### INFORMATION SUPPLIED
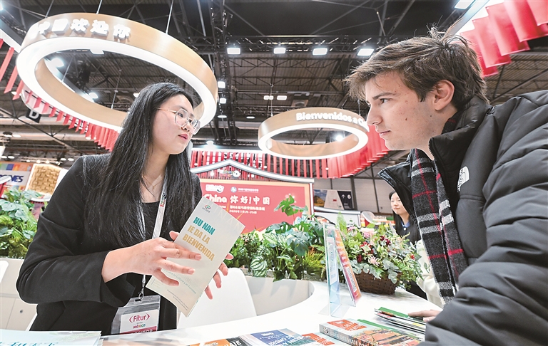 近年來,過境免簽政策持續(xù)擴(kuò)容、免稅購(gòu)物政策不斷優(yōu)化、“即買即退”適用商店持續(xù)增加……得益于中國(guó)日益開放的舉措,越來越多外國(guó)游客在中國(guó)旅游、購(gòu)物,感受更加開放包容、多元?jiǎng)?chuàng)新的中國(guó)。圖為1月21日至25日舉行的馬德里國(guó)際旅游展上,參觀者在中國(guó)展臺(tái)咨詢。新華社記者 程敏 攝
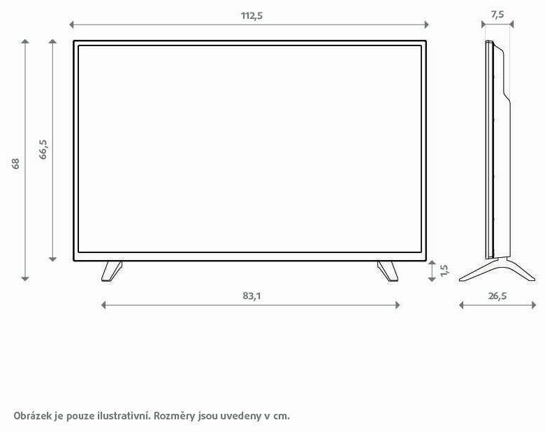 Televize UHD / 4K (3840 x 2160), úhlopříčka 126 cm, DVB-C/T/T2 (H.265), 1700Hz PPI, 3x HDMI, 2x USB, Cl+, LAN, HbbTV.
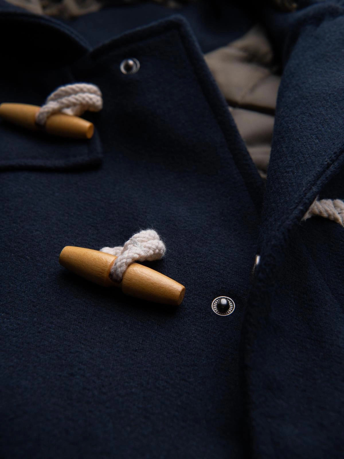 Stilingas, klasikinis ir idealiai tinkantis šaltesnėms dienoms - šis HERITAGE linijos paltas sujungia nesenstančio kirpimo ir modernaus funkcionalumo elementus. Šiltas ir patogus, jis traukia akį originaliu mediniu smeigtuku užsegamu užsegimu ir kontrastingomis virvelėmis, kurios papildo išvaizdą. Puikus pasirinkimas vyrams, vertinantiems tradicinį stilių su laisvalaikio neįpareigojančio nerūpestingumo prieskoniu.

### WORK TO COMPLETE
The task requires the full listing to be given again verbatim, without its pictures.

### WRITTEN ANSWER
 近年來,過境免簽政策持續(xù)擴(kuò)容、免稅購(gòu)物政策不斷優(yōu)化、“即買即退”適用商店持續(xù)增加……得益于中國(guó)日益開放的舉措,越來越多外國(guó)游客在中國(guó)旅游、購(gòu)物,感受更加開放包容、多元?jiǎng)?chuàng)新的中國(guó)。圖為1月21日至25日舉行的馬德里國(guó)際旅游展上,參觀者在中國(guó)展臺(tái)咨詢。新華社記者 程敏 攝
 Televize UHD / 4K (3840 x 2160), úhlopříčka 126 cm, DVB-C/T/T2 (H.265), 1700Hz PPI, 3x HDMI, 2x USB, Cl+, LAN, HbbTV.
 Stilingas, klasikinis ir idealiai tinkantis šaltesnėms dienoms - šis HERITAGE linijos paltas sujungia nesenstančio kirpimo ir modernaus funkcionalumo elementus. Šiltas ir patogus, jis traukia akį originaliu mediniu smeigtuku užsegamu užsegimu ir kontrastingomis virvelėmis, kurios papildo išvaizdą. Puikus pasirinkimas vyrams, vertinantiems tradicinį stilių su laisvalaikio neįpareigojančio nerūpestingumo prieskoniu.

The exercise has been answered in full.